Please make an exact copy of the lines from the one holding "Questa Cmap, creata" through the end of the data, both ends included, with no pictures.

Records from a collection:
+ + + + + + +

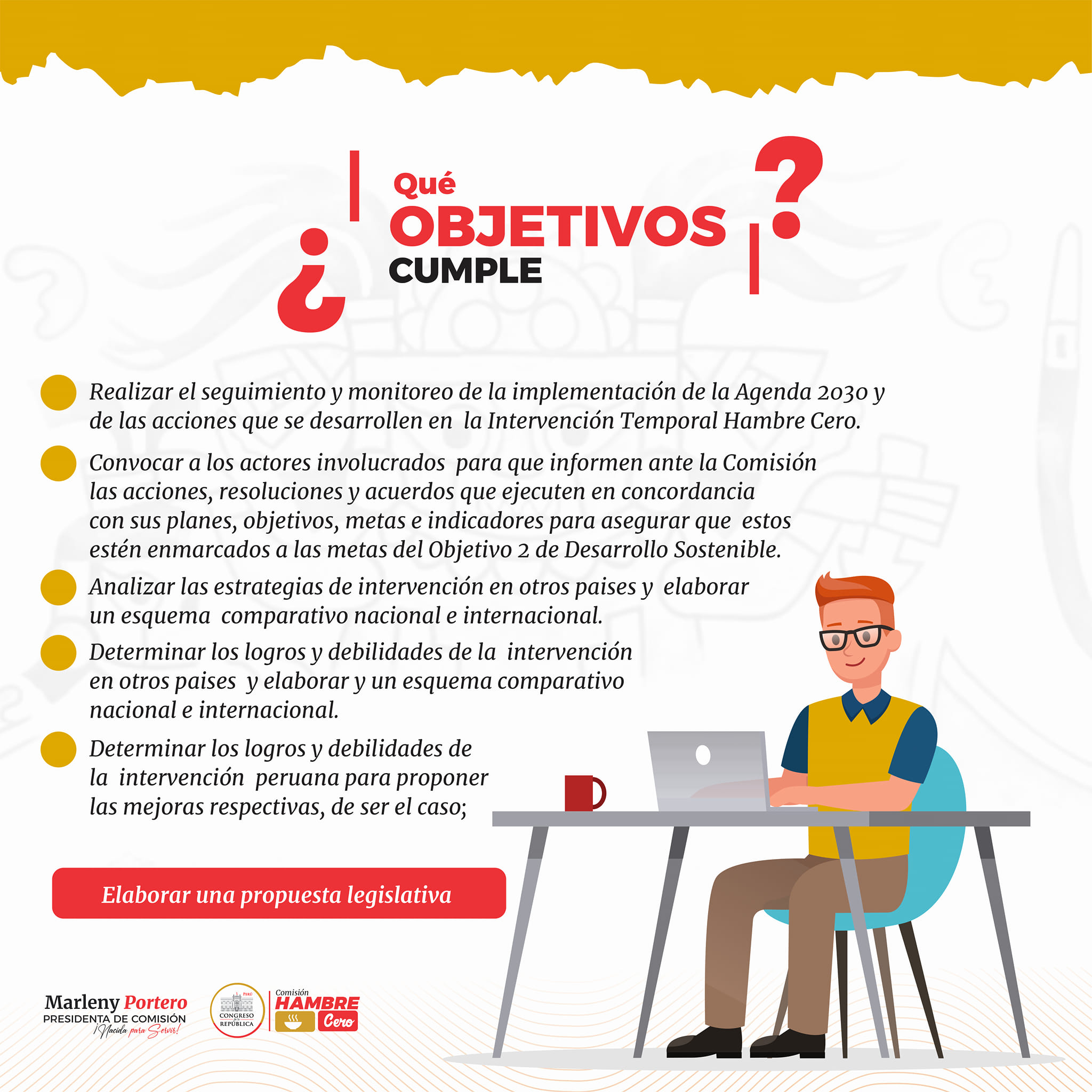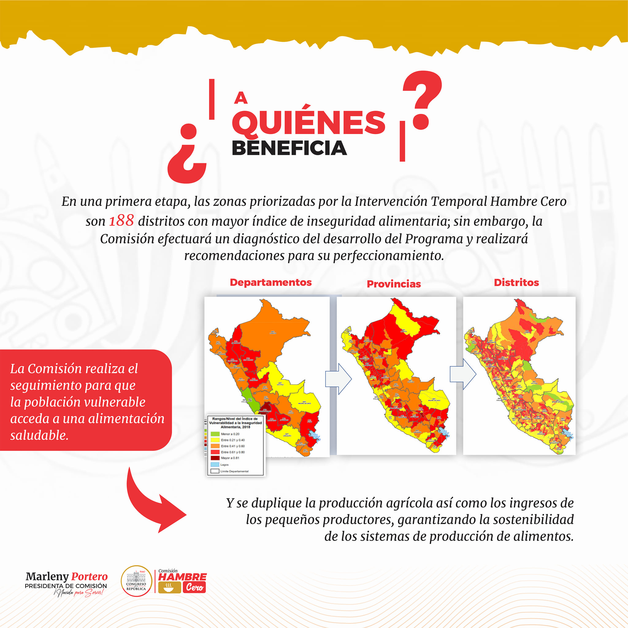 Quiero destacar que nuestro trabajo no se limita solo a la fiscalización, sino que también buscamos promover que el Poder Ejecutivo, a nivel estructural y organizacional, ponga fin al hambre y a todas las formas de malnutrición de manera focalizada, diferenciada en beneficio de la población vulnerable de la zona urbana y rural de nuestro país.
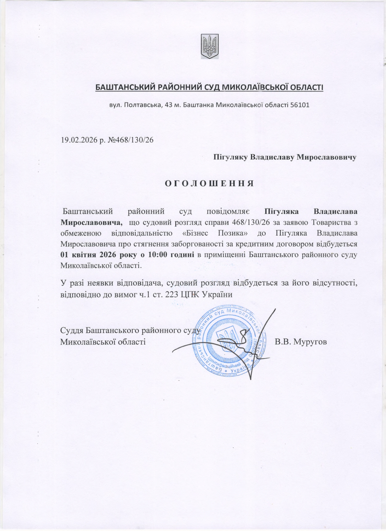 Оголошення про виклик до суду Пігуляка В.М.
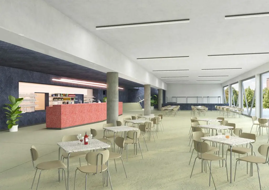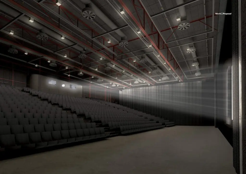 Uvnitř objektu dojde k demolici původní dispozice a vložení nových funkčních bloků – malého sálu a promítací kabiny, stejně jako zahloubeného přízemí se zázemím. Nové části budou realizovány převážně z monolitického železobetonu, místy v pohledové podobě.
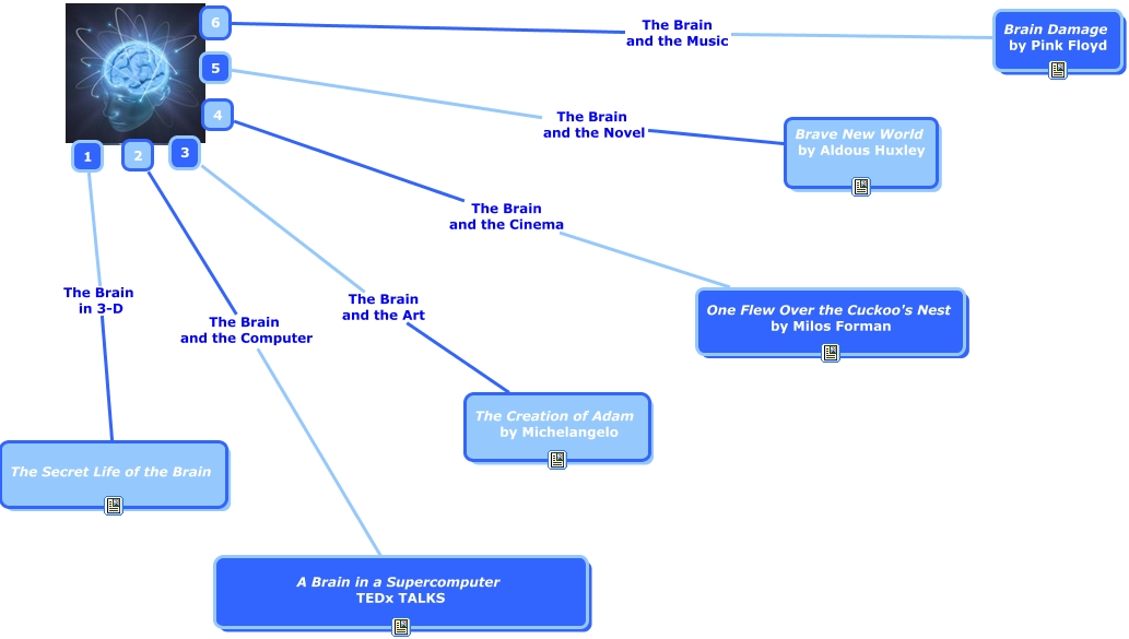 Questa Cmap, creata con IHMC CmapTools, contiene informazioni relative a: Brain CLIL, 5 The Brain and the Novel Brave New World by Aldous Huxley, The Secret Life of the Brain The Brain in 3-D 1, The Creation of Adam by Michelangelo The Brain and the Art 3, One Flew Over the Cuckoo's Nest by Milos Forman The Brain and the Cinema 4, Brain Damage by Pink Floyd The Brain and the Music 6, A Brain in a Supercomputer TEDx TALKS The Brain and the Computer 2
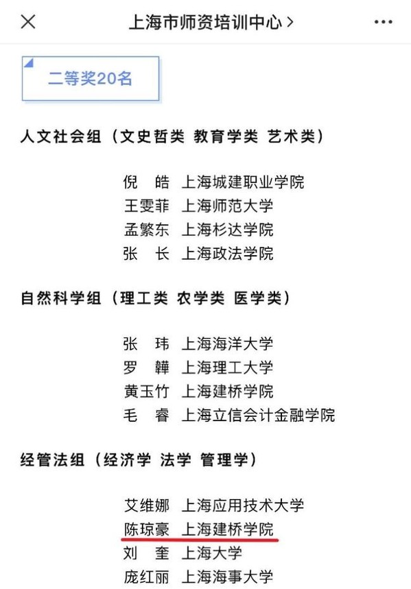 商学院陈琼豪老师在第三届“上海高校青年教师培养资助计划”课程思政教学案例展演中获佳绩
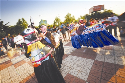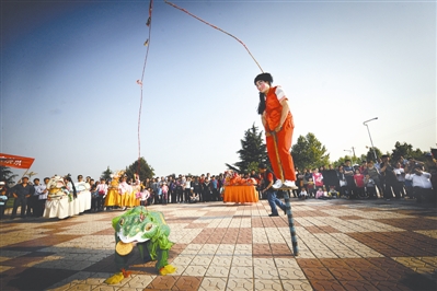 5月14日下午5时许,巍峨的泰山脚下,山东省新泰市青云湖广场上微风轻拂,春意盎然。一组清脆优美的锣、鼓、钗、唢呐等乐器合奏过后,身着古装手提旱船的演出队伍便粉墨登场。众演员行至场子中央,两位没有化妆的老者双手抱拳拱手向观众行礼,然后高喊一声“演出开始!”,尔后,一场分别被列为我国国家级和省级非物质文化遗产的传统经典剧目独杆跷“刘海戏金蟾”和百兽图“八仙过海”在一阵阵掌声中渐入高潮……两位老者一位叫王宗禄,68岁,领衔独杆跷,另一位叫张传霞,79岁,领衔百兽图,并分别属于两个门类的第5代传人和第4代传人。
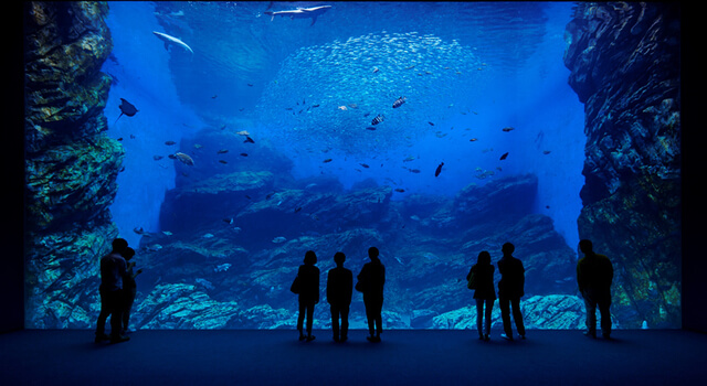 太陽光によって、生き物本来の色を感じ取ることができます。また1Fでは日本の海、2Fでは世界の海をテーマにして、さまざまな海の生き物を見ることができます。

+ + + + + + +

OUTPUT OF THE EXERCISE:
 Questa Cmap, creata con IHMC CmapTools, contiene informazioni relative a: Brain CLIL, 5 The Brain and the Novel Brave New World by Aldous Huxley, The Secret Life of the Brain The Brain in 3-D 1, The Creation of Adam by Michelangelo The Brain and the Art 3, One Flew Over the Cuckoo's Nest by Milos Forman The Brain and the Cinema 4, Brain Damage by Pink Floyd The Brain and the Music 6, A Brain in a Supercomputer TEDx TALKS The Brain and the Computer 2
 商学院陈琼豪老师在第三届“上海高校青年教师培养资助计划”课程思政教学案例展演中获佳绩
 5月14日下午5时许,巍峨的泰山脚下,山东省新泰市青云湖广场上微风轻拂,春意盎然。一组清脆优美的锣、鼓、钗、唢呐等乐器合奏过后,身着古装手提旱船的演出队伍便粉墨登场。众演员行至场子中央,两位没有化妆的老者双手抱拳拱手向观众行礼,然后高喊一声“演出开始!”,尔后,一场分别被列为我国国家级和省级非物质文化遗产的传统经典剧目独杆跷“刘海戏金蟾”和百兽图“八仙过海”在一阵阵掌声中渐入高潮……两位老者一位叫王宗禄,68岁,领衔独杆跷,另一位叫张传霞,79岁,领衔百兽图,并分别属于两个门类的第5代传人和第4代传人。
 太陽光によって、生き物本来の色を感じ取ることができます。また1Fでは日本の海、2Fでは世界の海をテーマにして、さまざまな海の生き物を見ることができます。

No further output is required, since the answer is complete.